Among the entries below, which lines run from the line with "1 Dr Daniele" through the line with "廣州健康院細(xì)胞標(b"? Retype those, both ends included, exactly and without pictures.

--- Data for this exercise Enclosed Below ---

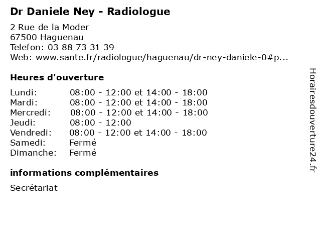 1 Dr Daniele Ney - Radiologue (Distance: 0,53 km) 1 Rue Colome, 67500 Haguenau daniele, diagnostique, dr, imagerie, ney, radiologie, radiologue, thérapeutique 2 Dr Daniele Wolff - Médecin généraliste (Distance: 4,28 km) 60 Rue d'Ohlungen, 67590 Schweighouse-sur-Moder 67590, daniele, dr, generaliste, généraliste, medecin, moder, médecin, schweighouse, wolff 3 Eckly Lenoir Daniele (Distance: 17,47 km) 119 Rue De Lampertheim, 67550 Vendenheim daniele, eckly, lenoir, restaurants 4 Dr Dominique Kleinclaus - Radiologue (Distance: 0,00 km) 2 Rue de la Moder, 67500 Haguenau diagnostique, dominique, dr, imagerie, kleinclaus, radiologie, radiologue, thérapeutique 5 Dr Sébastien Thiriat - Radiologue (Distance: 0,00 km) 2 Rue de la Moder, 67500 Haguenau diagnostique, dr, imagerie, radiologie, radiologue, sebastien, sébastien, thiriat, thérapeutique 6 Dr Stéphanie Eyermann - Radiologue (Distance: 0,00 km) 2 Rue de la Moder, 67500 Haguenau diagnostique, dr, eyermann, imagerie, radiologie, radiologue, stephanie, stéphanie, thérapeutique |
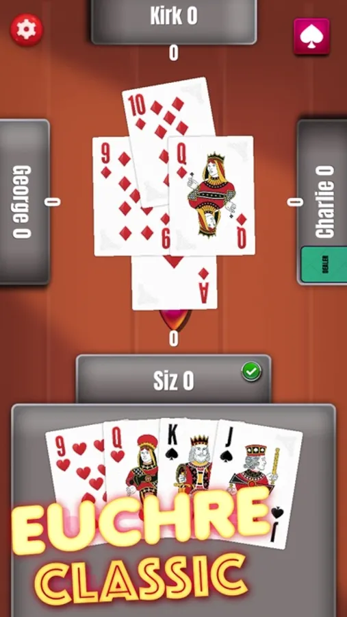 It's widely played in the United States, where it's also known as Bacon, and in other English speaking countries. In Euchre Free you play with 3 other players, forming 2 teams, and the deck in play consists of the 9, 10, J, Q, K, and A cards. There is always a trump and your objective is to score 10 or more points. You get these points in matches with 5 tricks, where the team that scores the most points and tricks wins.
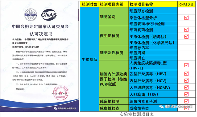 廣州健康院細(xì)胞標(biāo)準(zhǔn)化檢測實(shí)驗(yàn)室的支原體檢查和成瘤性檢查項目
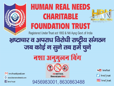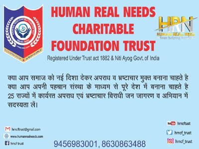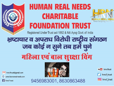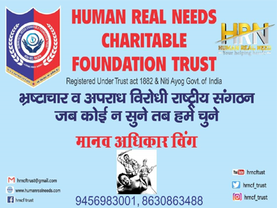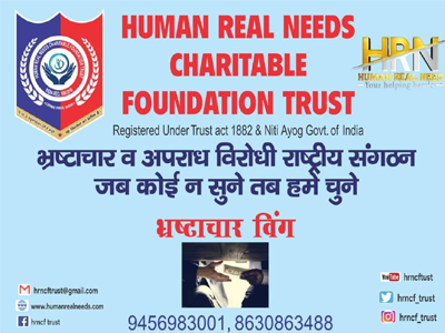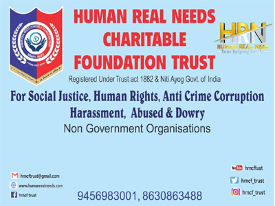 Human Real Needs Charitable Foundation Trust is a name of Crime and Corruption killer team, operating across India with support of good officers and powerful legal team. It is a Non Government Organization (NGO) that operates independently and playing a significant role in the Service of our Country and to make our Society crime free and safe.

--- End of Enclosed Data for this exercise ---
--- Data for this exercise Enclosed Below ---

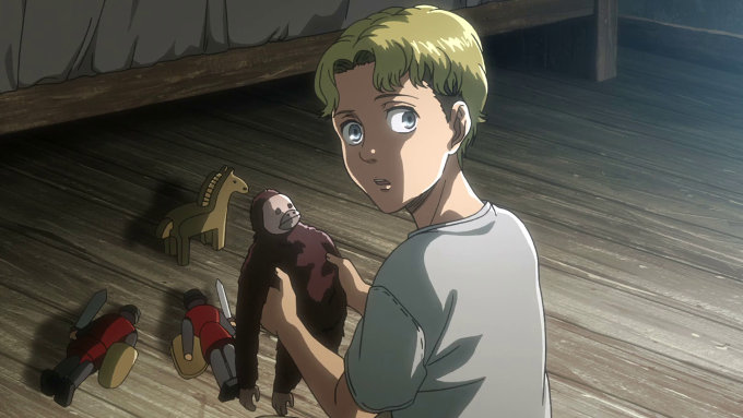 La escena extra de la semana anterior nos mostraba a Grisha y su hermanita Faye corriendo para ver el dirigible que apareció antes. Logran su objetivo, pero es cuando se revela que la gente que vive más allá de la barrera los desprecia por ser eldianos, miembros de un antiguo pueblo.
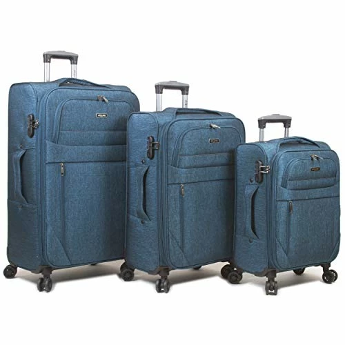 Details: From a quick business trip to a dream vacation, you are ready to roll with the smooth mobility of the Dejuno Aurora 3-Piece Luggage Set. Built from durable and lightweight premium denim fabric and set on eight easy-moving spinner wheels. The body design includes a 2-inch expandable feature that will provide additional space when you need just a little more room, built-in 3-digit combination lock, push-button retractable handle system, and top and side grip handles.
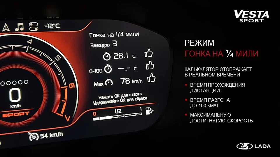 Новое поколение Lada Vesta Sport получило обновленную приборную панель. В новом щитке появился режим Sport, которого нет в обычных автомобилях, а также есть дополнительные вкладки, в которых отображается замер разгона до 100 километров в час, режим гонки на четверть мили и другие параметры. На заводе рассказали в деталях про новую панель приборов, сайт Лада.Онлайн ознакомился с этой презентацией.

--- End of Enclosed Data for this exercise ---

### [Exercise output]
 1 Dr Daniele Ney - Radiologue (Distance: 0,53 km) 1 Rue Colome, 67500 Haguenau daniele, diagnostique, dr, imagerie, ney, radiologie, radiologue, thérapeutique 2 Dr Daniele Wolff - Médecin généraliste (Distance: 4,28 km) 60 Rue d'Ohlungen, 67590 Schweighouse-sur-Moder 67590, daniele, dr, generaliste, généraliste, medecin, moder, médecin, schweighouse, wolff 3 Eckly Lenoir Daniele (Distance: 17,47 km) 119 Rue De Lampertheim, 67550 Vendenheim daniele, eckly, lenoir, restaurants 4 Dr Dominique Kleinclaus - Radiologue (Distance: 0,00 km) 2 Rue de la Moder, 67500 Haguenau diagnostique, dominique, dr, imagerie, kleinclaus, radiologie, radiologue, thérapeutique 5 Dr Sébastien Thiriat - Radiologue (Distance: 0,00 km) 2 Rue de la Moder, 67500 Haguenau diagnostique, dr, imagerie, radiologie, radiologue, sebastien, sébastien, thiriat, thérapeutique 6 Dr Stéphanie Eyermann - Radiologue (Distance: 0,00 km) 2 Rue de la Moder, 67500 Haguenau diagnostique, dr, eyermann, imagerie, radiologie, radiologue, stephanie, stéphanie, thérapeutique |
 It's widely played in the United States, where it's also known as Bacon, and in other English speaking countries. In Euchre Free you play with 3 other players, forming 2 teams, and the deck in play consists of the 9, 10, J, Q, K, and A cards. There is always a trump and your objective is to score 10 or more points. You get these points in matches with 5 tricks, where the team that scores the most points and tricks wins.
 廣州健康院細(xì)胞標(biāo)準(zhǔn)化檢測實(shí)驗(yàn)室的支原體檢查和成瘤性檢查項目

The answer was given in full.